» DATA SUPPLIED:
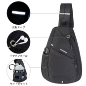 【多機能ボディバッグ】人間工学+左右付け替え可能+イヤホン穴+夜間反射。気楽に片手で携帯電話が使えますし、両手をスマホから解放して音楽をお楽しみます。線状の夜間反射素材をつけて夜間時の出行に安全性を高めます。
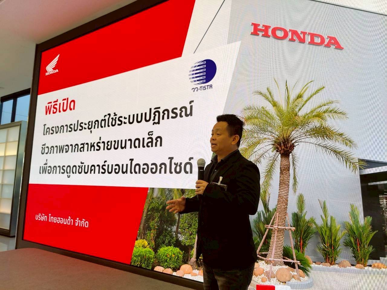 วว. จับมือบริษัท ไทยฮอนด้าฯ เปิดตัวโครงการบริการวิจัย “ระบบปฏิกรณ์ชีวภาพจากสาหร่ายขนาดเล็กดูดซับ CO2 และยกระดับคุณภาพอากาศพื้นที่สูบบุหรี่”
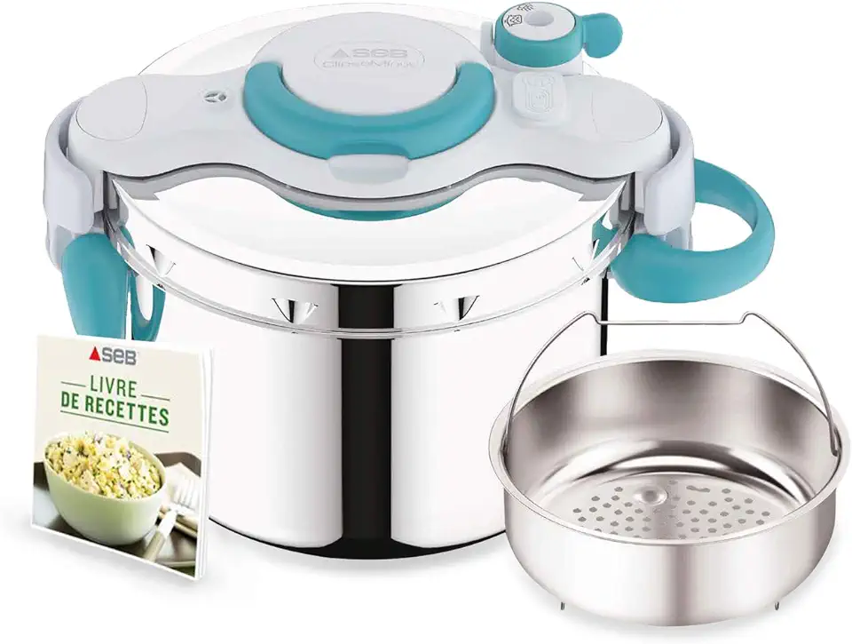 Seb ClipsoMinut Easy + Blue 9L Folding Handles Cocotte-minute® Induction Book of 100 Recipes Stainless Steel Cooking Pot Made in France Easy to use, Made in France
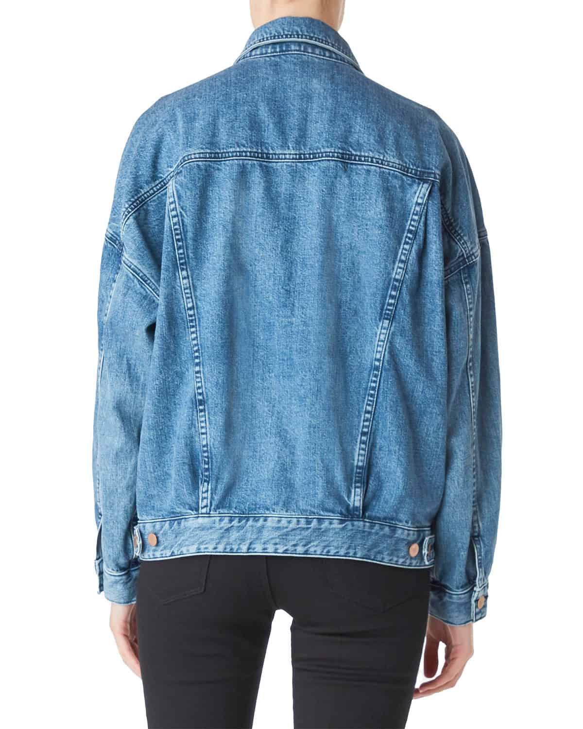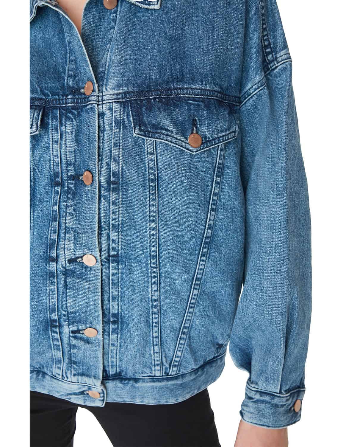 The J Brand Drew Oversized Jacket in Varsha is the oversized denim jacket of your dreams. Perfect for draping or wearing traditionally, Drew is a necessary addition to your closet. An exaggerated iteration of a classic trucker style, featuring button-front closure, slightly ballooned sleeves, and on-seam side pockets. The wash process utilizes 90% less water, on average.
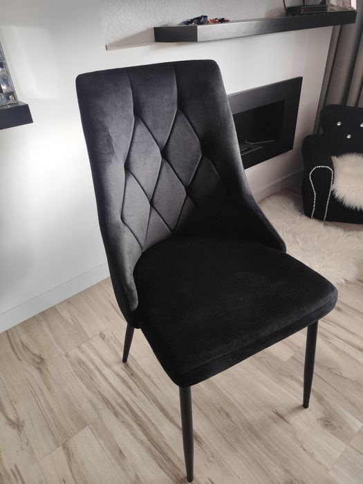 Krzesło welurowe pikowane czarne
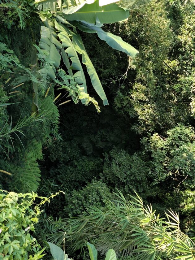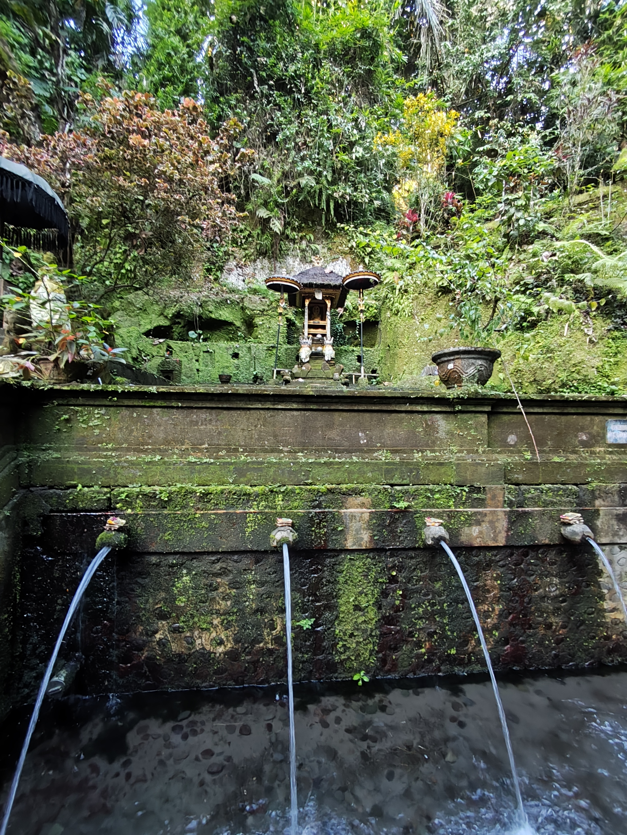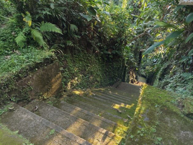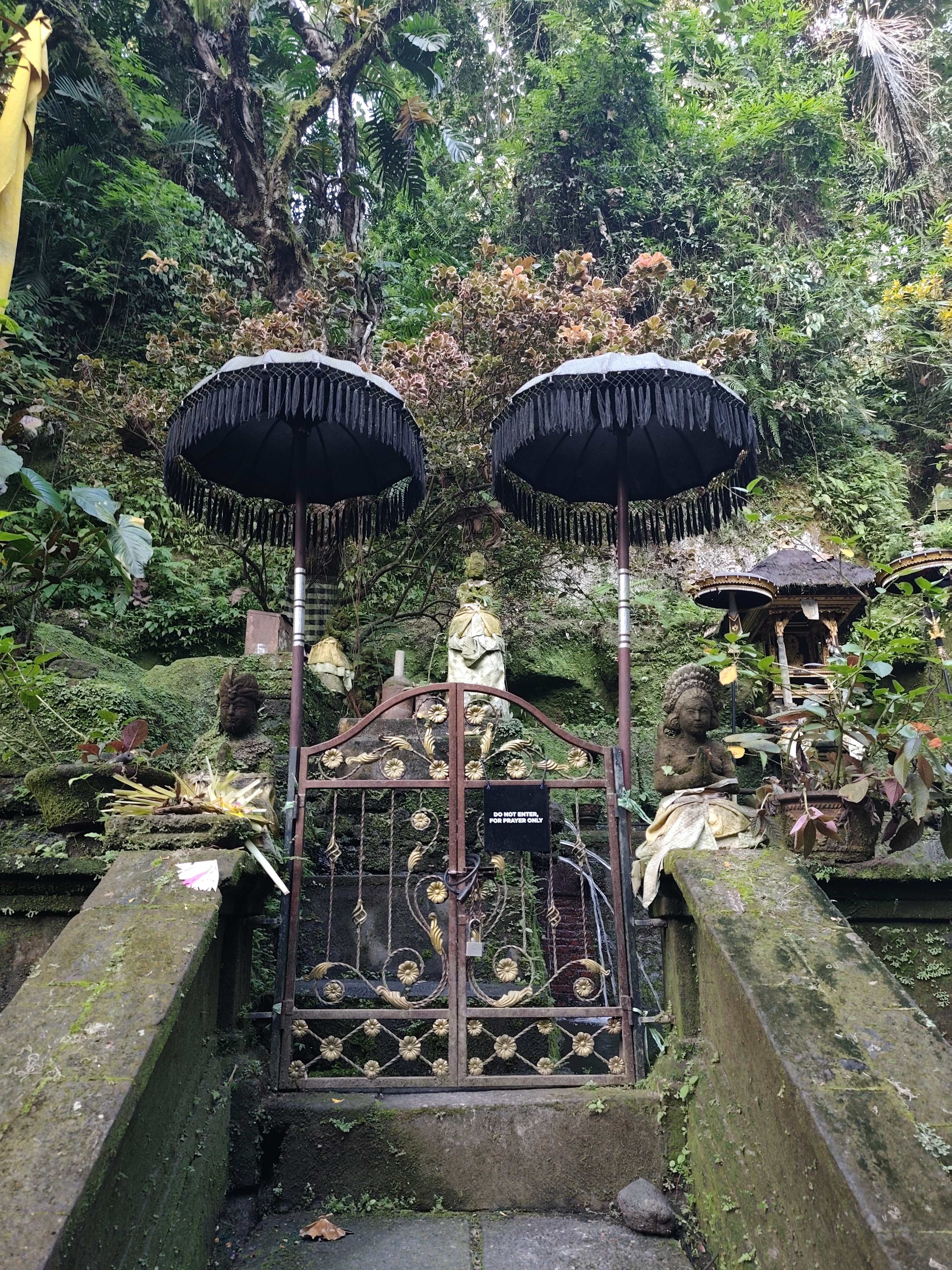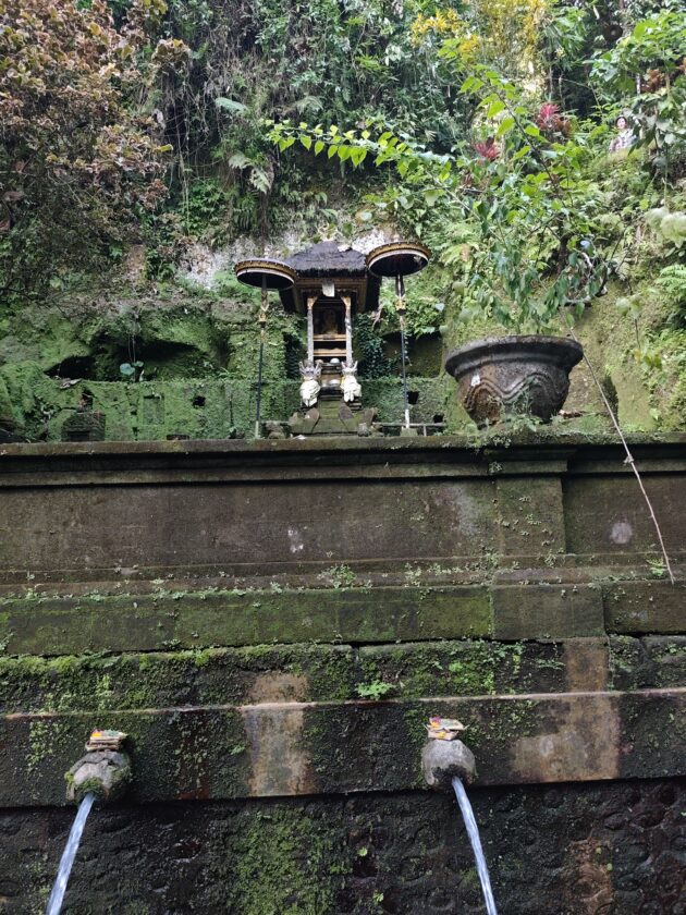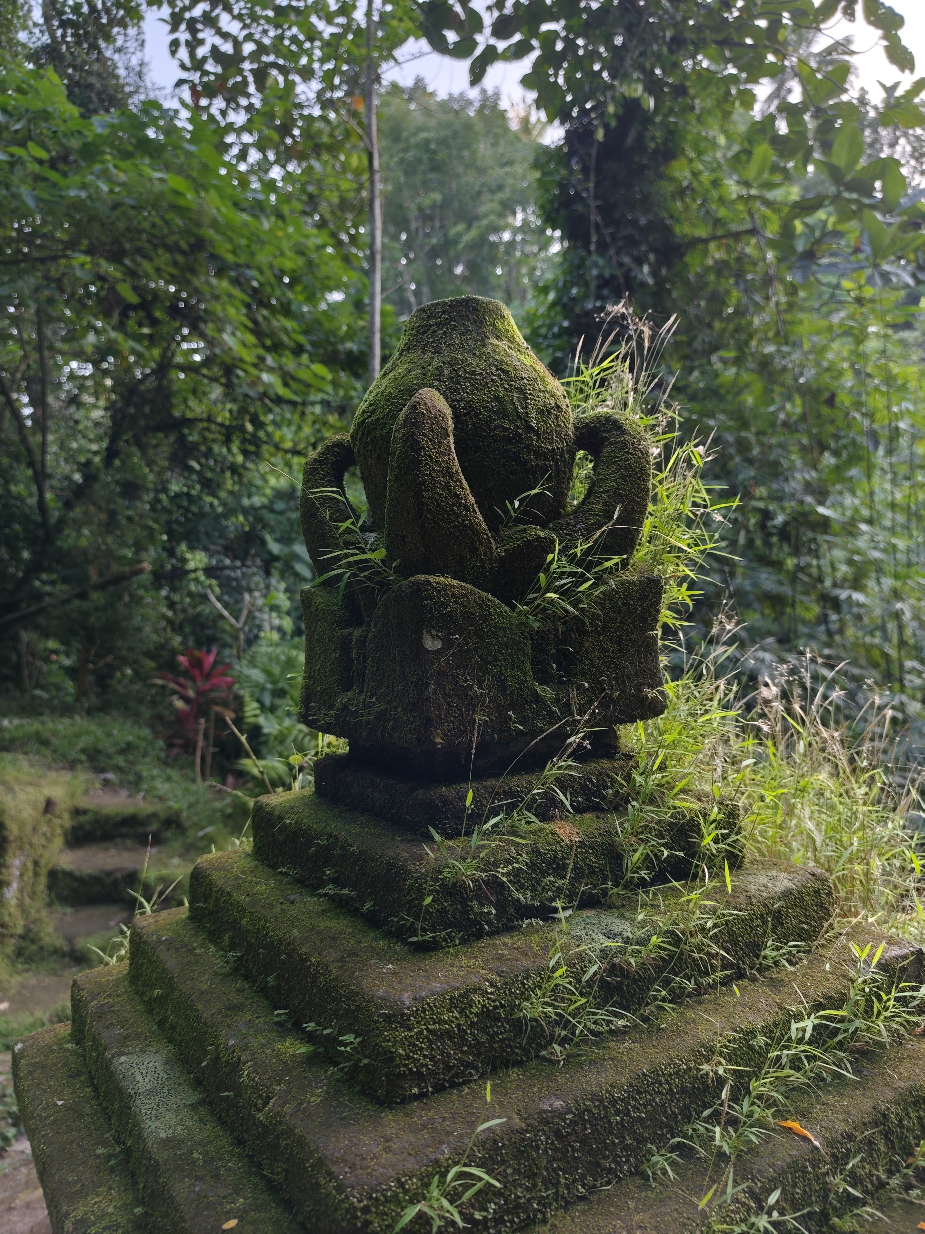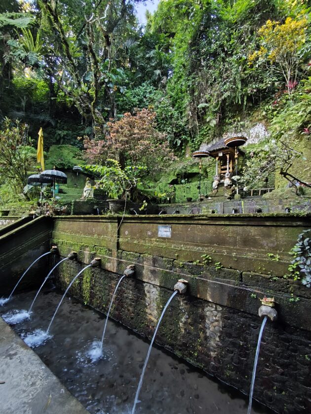 Am avut parte de peisaje superbe, dar si de ceva activitate fizica, coborarea catre templu realizandu-se pe o serie de trepte abrupte. Am vazut pasari de toate felurile, dar si maimute care se jucau in copac si care uneori se apropie chiar de curtile oamenilor. De altfel, orataniile locale, cum ar fi gainile, dorm in copac, deoarece, la fel cum la noi la Predeal primim vizite de la urs, in Bali te mai viziteaza din cand in cand varanul.

» REQUIRED ACTION: Pictures within the entries must not be reproduced; everything else is to be restated verbatim.

» OUTPUT:
 【多機能ボディバッグ】人間工学+左右付け替え可能+イヤホン穴+夜間反射。気楽に片手で携帯電話が使えますし、両手をスマホから解放して音楽をお楽しみます。線状の夜間反射素材をつけて夜間時の出行に安全性を高めます。
 วว. จับมือบริษัท ไทยฮอนด้าฯ เปิดตัวโครงการบริการวิจัย “ระบบปฏิกรณ์ชีวภาพจากสาหร่ายขนาดเล็กดูดซับ CO2 และยกระดับคุณภาพอากาศพื้นที่สูบบุหรี่”
 Seb ClipsoMinut Easy + Blue 9L Folding Handles Cocotte-minute® Induction Book of 100 Recipes Stainless Steel Cooking Pot Made in France Easy to use, Made in France
 The J Brand Drew Oversized Jacket in Varsha is the oversized denim jacket of your dreams. Perfect for draping or wearing traditionally, Drew is a necessary addition to your closet. An exaggerated iteration of a classic trucker style, featuring button-front closure, slightly ballooned sleeves, and on-seam side pockets. The wash process utilizes 90% less water, on average.
 Krzesło welurowe pikowane czarne
 Am avut parte de peisaje superbe, dar si de ceva activitate fizica, coborarea catre templu realizandu-se pe o serie de trepte abrupte. Am vazut pasari de toate felurile, dar si maimute care se jucau in copac si care uneori se apropie chiar de curtile oamenilor. De altfel, orataniile locale, cum ar fi gainile, dorm in copac, deoarece, la fel cum la noi la Predeal primim vizite de la urs, in Bali te mai viziteaza din cand in cand varanul.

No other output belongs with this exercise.